Data interoperability project nears completion
A project begun in January to develop standards that would let a variety of public-safety agencies share data across multiple vendor platforms is scheduled to conclude in September, according to officials speaking at last month’s Association of Public-Safety Communications Officials conference in Orlando.
The Informational Exchange Development Project — a partnership between APCO, the IJIS Institute, The Bureau of Justice Assistance and the Law Enforcement Information Technical Standards Committee (LEITSC) — set out to establish a governance model to let APCO and LEITSC move forward with any standards that resulted from the project.

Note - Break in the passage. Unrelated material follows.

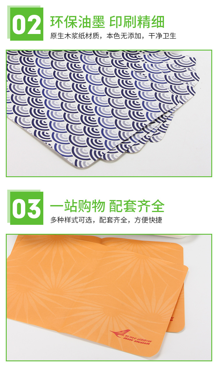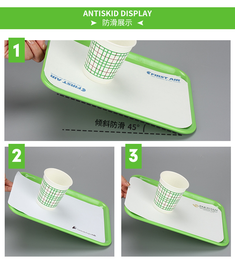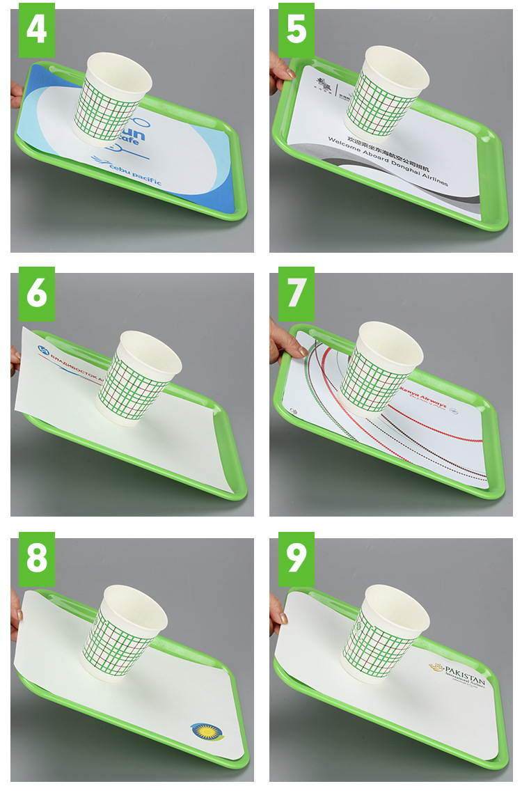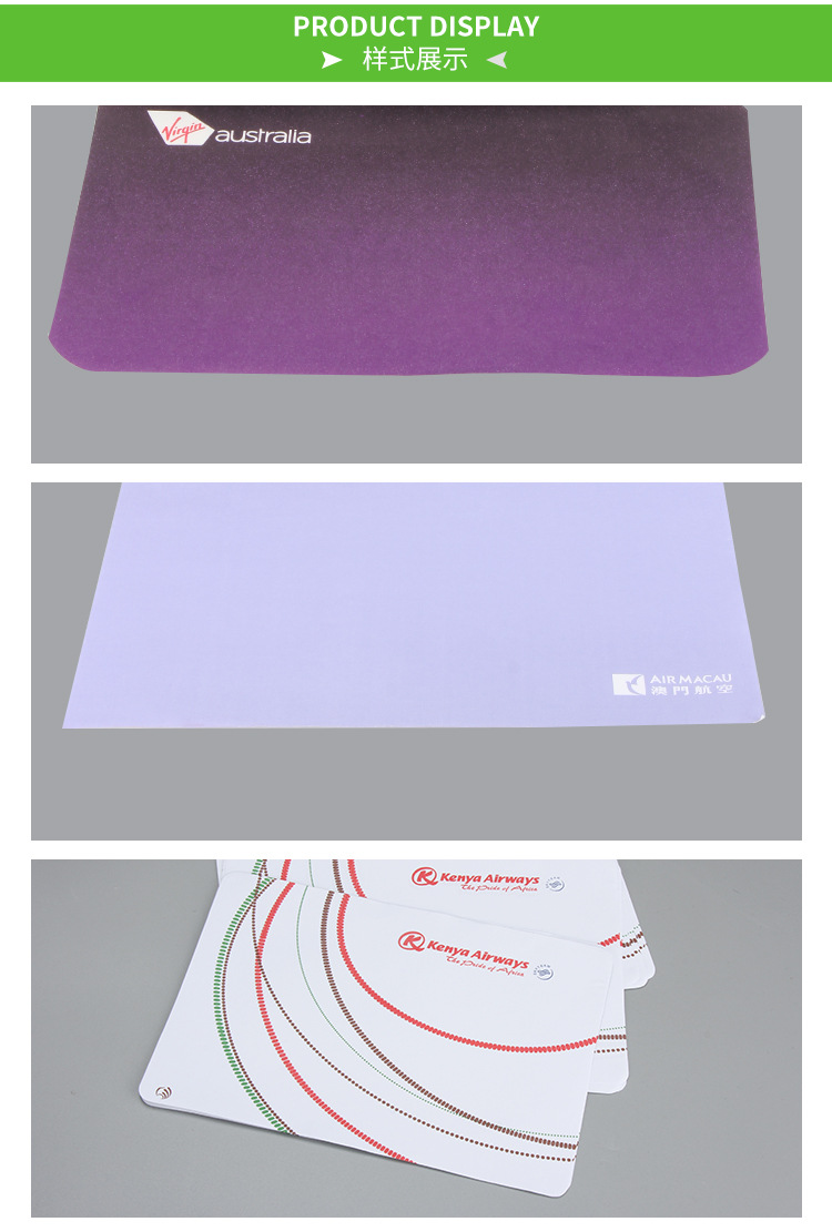航空トレイ滑り止め紙、トレイマット、コースター、環境に優しい水性インク使用、4色フレキソ印刷、特殊滑り止め剤配合、滑り止め効果は45度に達し、乗客のカップや食べ物の落下を防ぎます。さまざまな仕様、サイズ、印刷色は通常、角が丸いフルフォーマットで印刷されます。

The second step was to create 12 information exchange packet documents (IEPDs) that would be based on extensible markup language (XML), which is used to describe the data that is transferred from one point to another. XML is a cousin of HTML, which defines how data is displayed. The IEPDs are designed to let disparate systems talk to each other. “The IEPDs are a toolkit,” said Suzette McLeod, program manager for the IJIS Institute.
While a need to connect vendor systems clearly exists, vendors often are resistant to such efforts because they want to protect their proprietary products, said Neil Kurlander of the Central Station Alarm Association. “Vendors have vested interests they don’t want to lose hold of,” he said.

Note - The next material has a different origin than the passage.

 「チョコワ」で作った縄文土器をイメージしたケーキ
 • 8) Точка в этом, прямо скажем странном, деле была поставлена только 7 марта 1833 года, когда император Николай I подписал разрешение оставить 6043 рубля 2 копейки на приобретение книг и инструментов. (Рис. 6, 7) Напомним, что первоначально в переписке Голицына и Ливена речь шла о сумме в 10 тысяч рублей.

Nevertheless, in such situations, it’s crucial that public-safety officials prevent vendors from bullying them, according to Kurlander. “It’s not easy … chiefs often don’t possess the technical knowledge, so they feel at the mercy of the vendor,” he said. “So a lot of vendors push chiefs around.”
However, Kurlander added that chiefs possess one attribute that should be enough to get any vendor to bend to their will.
“Chiefs hold the power because they control the money,” Kurlander said. “Vendors eventually will do what you want or risk losing you to another vendor.”